Next week may see another attempt to drive down the SP, since Max Pain is at only 595$ - I guess this reflects the low expectations of the SP when these contracts were sold. Also, there is almost 69k put contracts at 100$, with 2nd, 3rd and 4th largest put contract strike prices also below 200$, so major losses expected for Tesla-anti investors.

Based on Max Pain of next week, I would expect end of next week to be more likely to offer a dip than this week.

Since Feb. 11 Max Pain for tomorrow has gone up from 595$ to now 800$,
Opricot Open Interest|Volume|Max Pain
 
Dave talks here (right at the end) about the importance of being a lonely investor - doing your own homework. His final parting shot however is that maybe investors can work together and do well - TMC being the model he has in mind presumably.
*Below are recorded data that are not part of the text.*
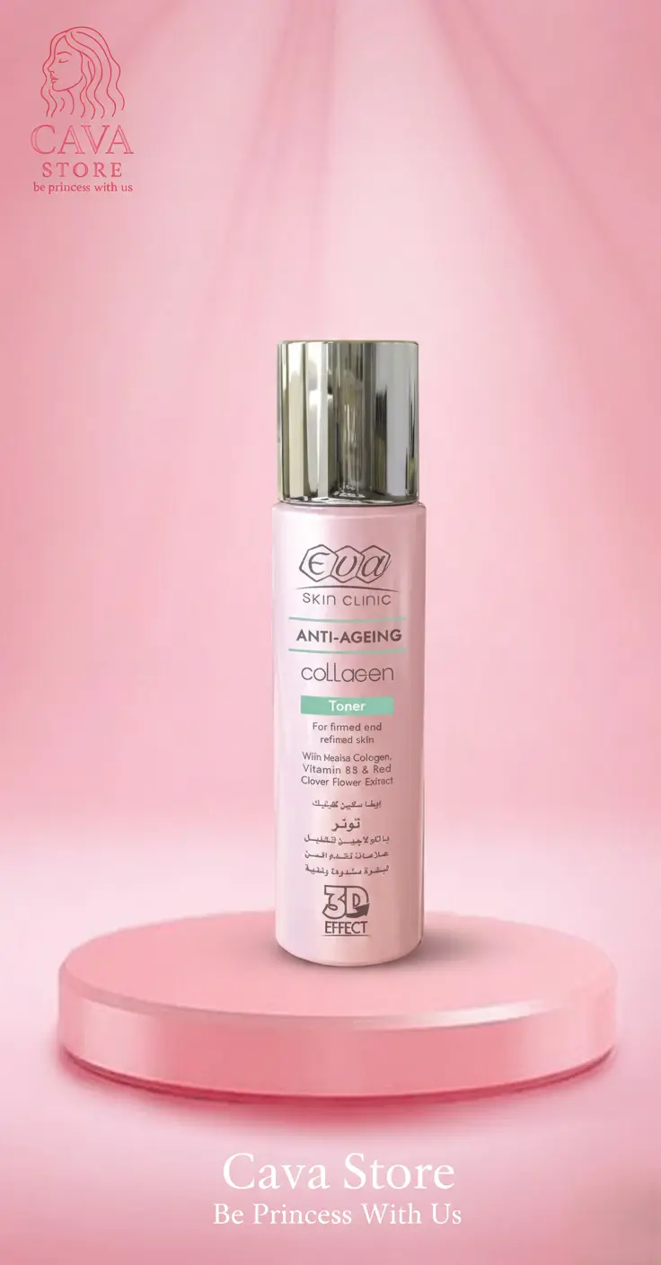 تونر إيفا كولاجين بتركيبة الـ 3D Effect لشد البشرة، تصغير المسام، وتقليل ظهور التجاعيد. مثالي لبشرة أكثر شباباً وحيوية.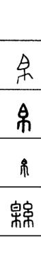 从上到下依次是小篆、甲骨文、金文、古玺及战国文字、缪篆及汉代文字、鸟虫篆。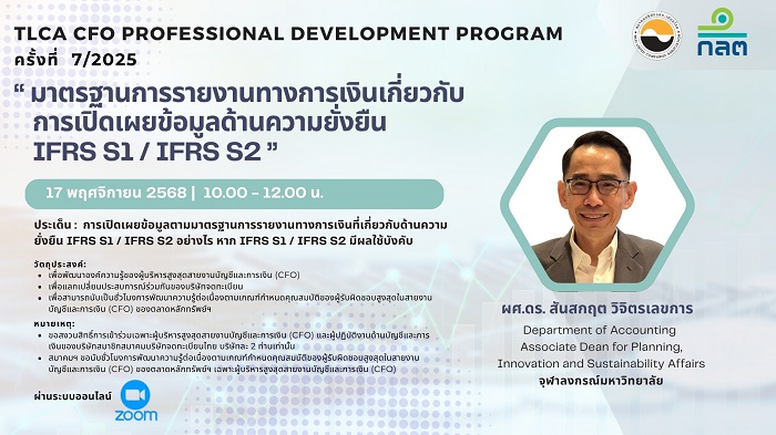 TLCA CFO Professional Development Program (TLCA CFO CPD) ครั้งที่ 7/2025 หัวข้อ มาตรฐานการรายงานทางการเงินเกี่ยวกับการเปิดเผยข้อมูลด้านความยั่งยืน IFRS S1 / IFRS S2

I completely agree. Coming from an Engineering background, I knew Tesla would succeed. I trust my judgement in others (TMC experts) and that has given me the confidence to be all in on TSLA high risk strategies. Pre TMC I was probably only 20% TSLA (some would say a balanced portfolio... AMZN, AAPL, ILMN etc.)

I hope this group stays together here or somewhere else in the future. I won't have the same instinct about buying BYND etc. in the future but I trust Factchecking etc. enough to risk 10% of my portfolio. I will do my own napkin maths and a bit of research but I know my limitations.

That's right - I intend to hone my instinct and laziness.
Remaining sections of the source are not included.